Based on recent cost-utility analysis, sildenaﬁl may be recommended as the first choice and tadalafil as second choice in patients with functional class II and III PAH. However, some patients may gain more benefit taking tadalafil, with its once-daily administration, rather than sildenafil, which needs to be taken a three times per day. Patients with insufficient response to PDE5 inhibitors should be switched to the sGC stimulator riociguat.

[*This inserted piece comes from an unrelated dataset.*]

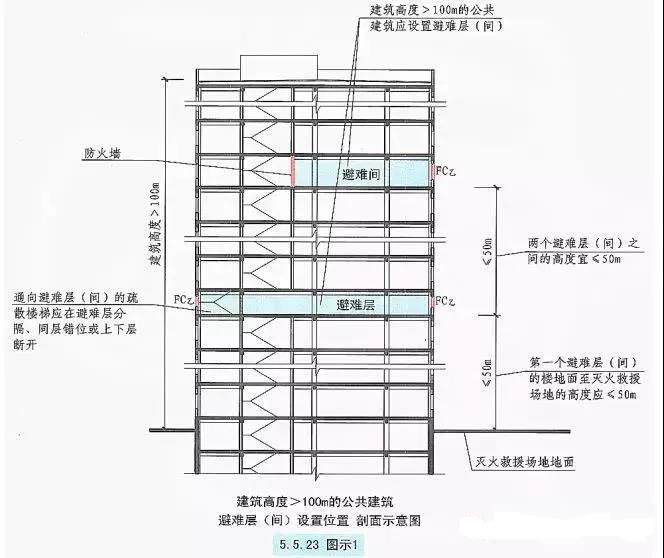 注意:避難層的第一個50m是從滅火救援場地地面到第一個避難層地面,以上避難層均為地面到地面的距離差。

Patients with PAH-SSc may gain further benefit from riociguat due to its systemic vascular action.
While there are clear pharmacokinetic and pharmacodynamic differences between these agents, it is still difficult to determine which agent is most appropriate for a specific PAH patient. Some patients respond better to sGC stimulator than a PDE5 inhibitor and vice versa. Additional data from clinical trials are needed to clarify which treatment is best; a randomised controlled trial to further investigate switching from PDE5 inhibitors to riociguat is underway (REPLACE: NCT02891850).